Read backend/README.md for the full architecture diagram + every component explained.


Honest framing

Three things in this project are stubs and clearly labeled as such:

  • Docking is a heuristic affinity score from LogP and molecular weight, not real AutoDock Vina. Real Vina is pip install vina + AutoDock binary on PATH; we left it as a stub because Vina on Windows is non-trivial and the scientific claim of this project is in target selection + repurposing triage, not in docking accuracy.
  • Pocket detection returns the structure centroid, not real fpocket / P2Rank cavity output.
  • ADMET uses LogP and TPSA proxies, not real ADMETlab2 / pkCSM.
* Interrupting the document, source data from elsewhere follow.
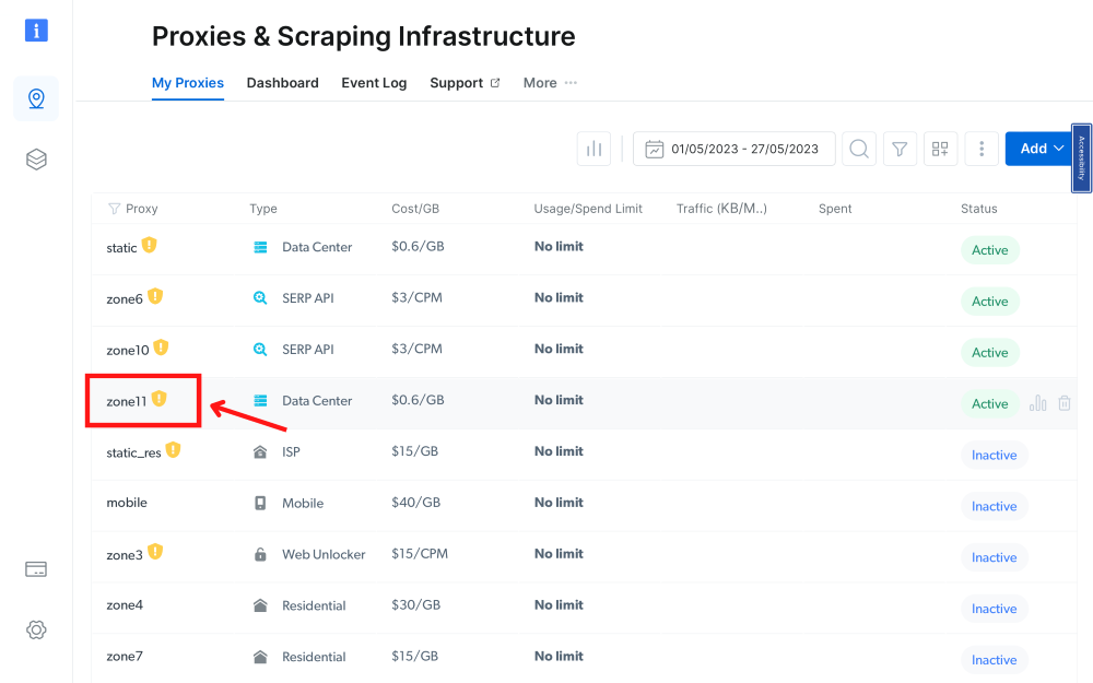 ⚠️重要提示:如果你使用的是 Bright Data 的住宅代理(Residential Proxies)、Web Unlocker 或 SERP API,则需要安装 SSL 证书,以启用与目标网站之间端到端的安全连接。这是一个简单的过程,安装说明请参见 https://docs.brightdata.com/general/account/ssl-certificate#installation-of-the-ssl-certificate。
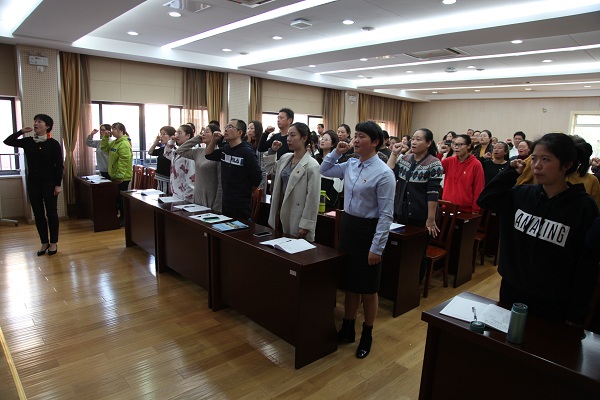 接着,全体教师在唐书记的带领下,公开承诺:严格遵守《中小学教师职业道德规范》、《中小学教师职业行为规范》和《教师职业道德“十要十不准”》,并郑重承诺做到:依法执教;爱岗敬业;热爱学生;因材施教;廉洁从教;为人师表;遵章守纪;尊重家长;团结协作;热爱学校。
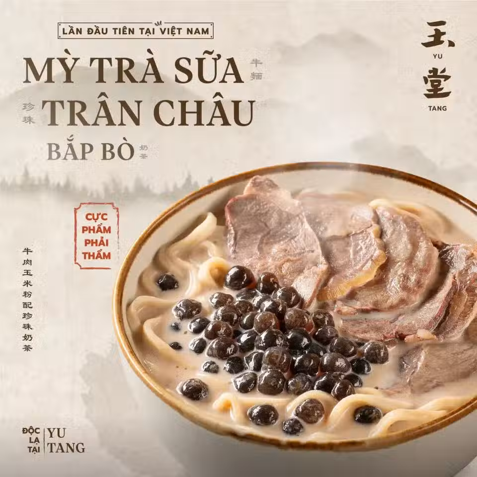 越南一間手搖飲料店推出超獵奇的「珍奶牛肉麵」。(圖/翻攝自FB@yutangvn)
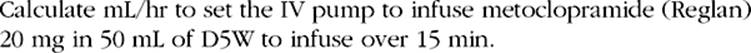· Metoclopramide (Reglan) 20 mg IV in 50 mL of D5W to infuse over 15 min
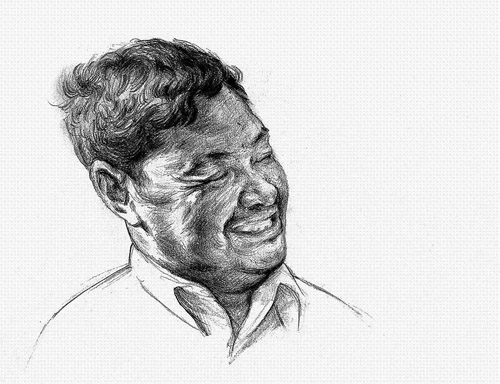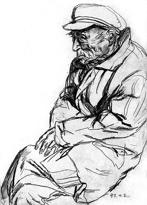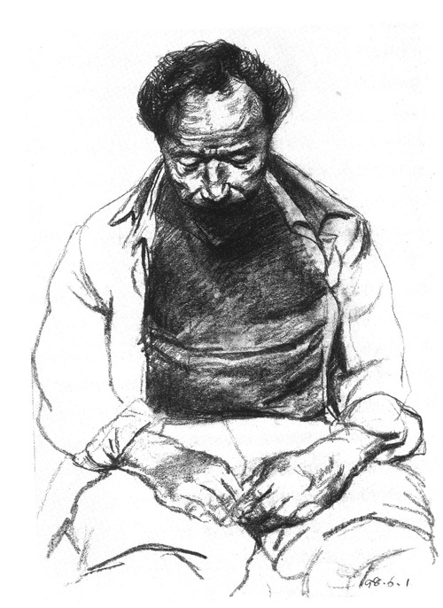 老童是画中人之一。和大多数被画对象一样,他没有全名。当在一大沓画纸中翻到老童时,谢宏军一下子就认了出来。
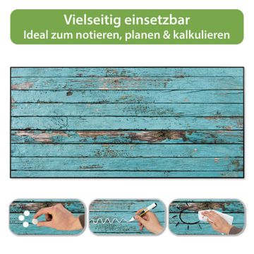 Metall Magnettafel beschreibbar 78x37cm Motiv Blaue Holzlatten
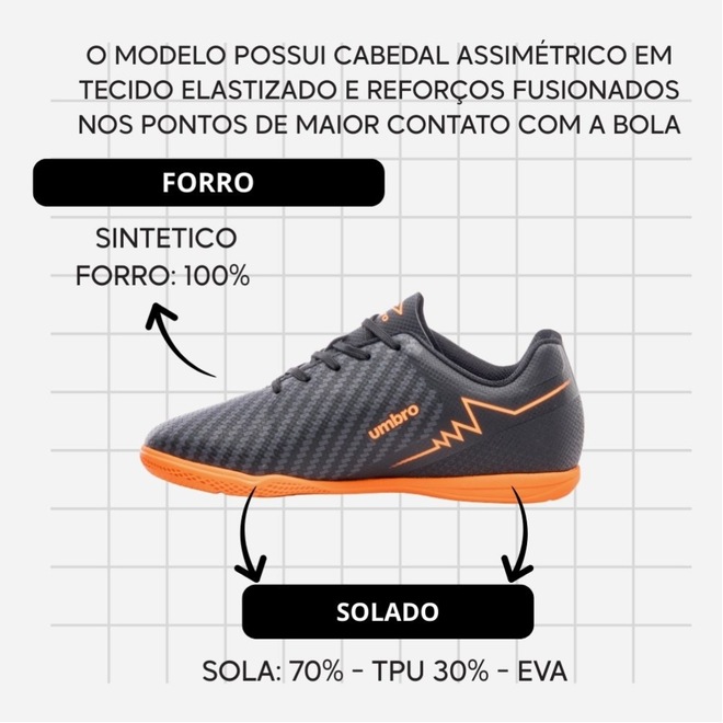 Cabedal: Laminado texturizado, proporciona controle e domínio de bola
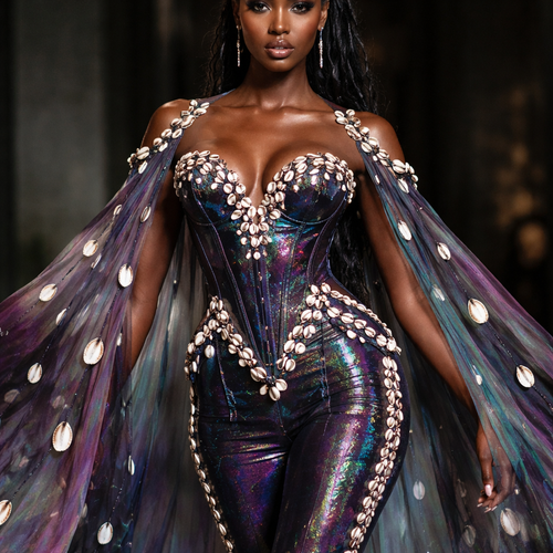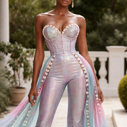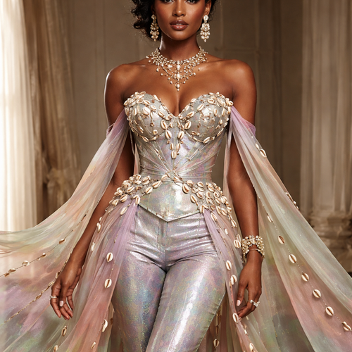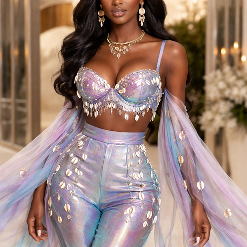 Create one of a kind top and pant that has cowries, and made from taffeta fabric with iridescent touches and design with...
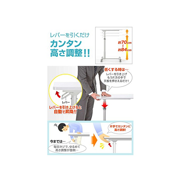간이 데스크나 보조 데스크로서의 사용이 가능한 테이블입니다.약70cm~약84cm까지,무단계에 높이 조정 성과,사용 씬 에 따라 좋아하는 높이로 조정에 옵니다.

Everything else — UniProt, OpenTargets, RCSB PDB, AlphaFold DB, ChEMBL queries, RDKit Lipinski filtering, SAScore (Ertl & Schuffenhauer 2009), Gemini function-calling agent loop, persistent SQLite memory, MCP server, React UI — is real, working code. Stubs are fully isolated behind interface boundaries; replacing each with the production tool is a focused 1–2 hour job.


Design philosophy

Five accepted ADRs in docs/decisions/ record the non-obvious tradeoffs:

  1. Pivoted from "drug-discovery app" to "drug-discovery harness" — harness engineering is the dominant lever once you've picked a model.
  2. Did not fork Hermes Agent — chose to build the minimum harness for our use case rather than adopt a personal-assistant framework.
  3. Gemini-first, narrow Provider Protocol, LiteLLM if needed later — no premature provider abstraction.
  4. Deferred refactoring + provider abstraction; shipped memory + CLI first — features users feel beat invisible architectural cleanup.
  5. Three research-utility modes (B, C, D) defined explicitly — "agent recovers known answers" is plumbing, not utility; we drew the line and built three things that genuinely are.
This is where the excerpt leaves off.